From the line with "Мирра Блуза небесная" to the end of the data below, restate each line word for word, both ends included, without the pictures.

### RECORDS FOR THE EXERCISE
================

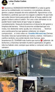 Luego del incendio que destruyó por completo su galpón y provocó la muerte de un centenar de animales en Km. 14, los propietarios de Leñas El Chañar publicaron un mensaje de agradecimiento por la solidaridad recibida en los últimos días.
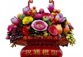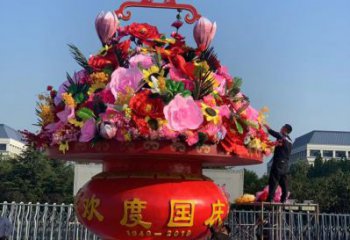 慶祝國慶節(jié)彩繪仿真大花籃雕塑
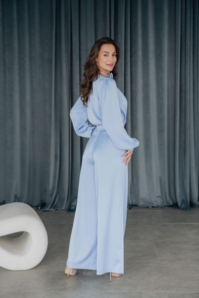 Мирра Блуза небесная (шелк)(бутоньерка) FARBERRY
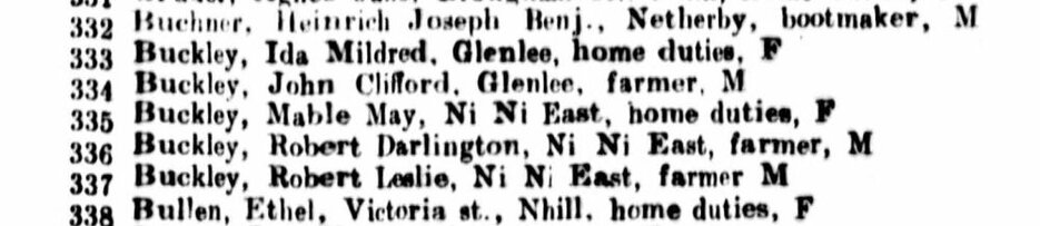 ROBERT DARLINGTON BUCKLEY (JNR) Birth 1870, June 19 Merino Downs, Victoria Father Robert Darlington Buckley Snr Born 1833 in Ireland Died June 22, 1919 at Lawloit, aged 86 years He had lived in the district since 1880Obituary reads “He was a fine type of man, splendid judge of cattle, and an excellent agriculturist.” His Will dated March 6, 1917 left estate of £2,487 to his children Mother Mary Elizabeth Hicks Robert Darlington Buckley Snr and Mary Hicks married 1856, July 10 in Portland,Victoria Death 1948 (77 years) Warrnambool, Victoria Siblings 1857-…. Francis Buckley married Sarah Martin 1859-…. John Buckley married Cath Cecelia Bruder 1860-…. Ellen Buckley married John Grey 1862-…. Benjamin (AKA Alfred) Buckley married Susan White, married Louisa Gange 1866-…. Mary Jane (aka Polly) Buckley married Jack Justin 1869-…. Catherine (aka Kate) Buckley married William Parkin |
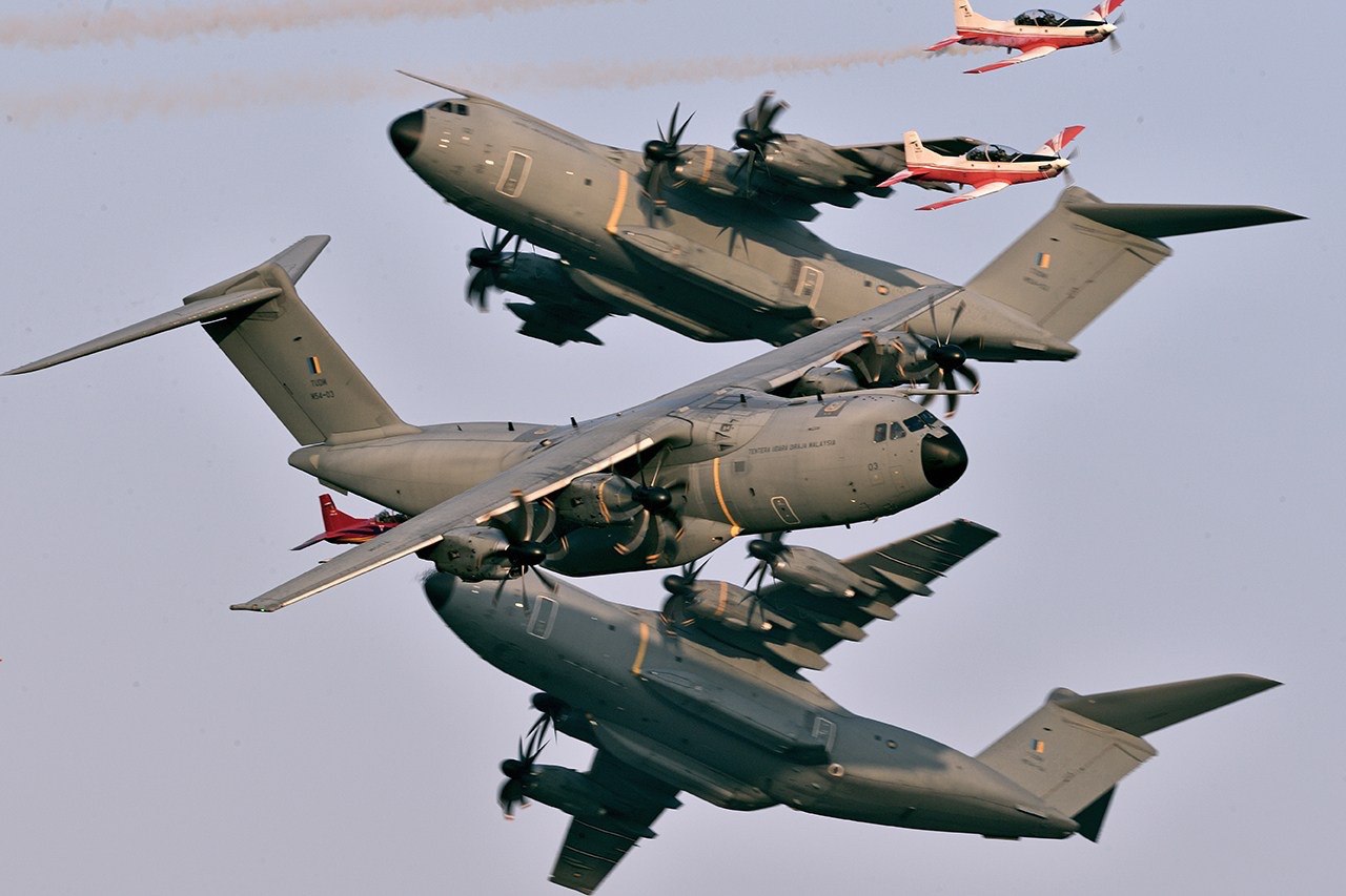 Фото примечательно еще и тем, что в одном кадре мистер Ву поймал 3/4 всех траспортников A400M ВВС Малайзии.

================

### EXPECTED OUTPUT
 Мирра Блуза небесная (шелк)(бутоньерка) FARBERRY
 ROBERT DARLINGTON BUCKLEY (JNR) Birth 1870, June 19 Merino Downs, Victoria Father Robert Darlington Buckley Snr Born 1833 in Ireland Died June 22, 1919 at Lawloit, aged 86 years He had lived in the district since 1880Obituary reads “He was a fine type of man, splendid judge of cattle, and an excellent agriculturist.” His Will dated March 6, 1917 left estate of £2,487 to his children Mother Mary Elizabeth Hicks Robert Darlington Buckley Snr and Mary Hicks married 1856, July 10 in Portland,Victoria Death 1948 (77 years) Warrnambool, Victoria Siblings 1857-…. Francis Buckley married Sarah Martin 1859-…. John Buckley married Cath Cecelia Bruder 1860-…. Ellen Buckley married John Grey 1862-…. Benjamin (AKA Alfred) Buckley married Susan White, married Louisa Gange 1866-…. Mary Jane (aka Polly) Buckley married Jack Justin 1869-…. Catherine (aka Kate) Buckley married William Parkin |
 Фото примечательно еще и тем, что в одном кадре мистер Ву поймал 3/4 всех траспортников A400M ВВС Малайзии.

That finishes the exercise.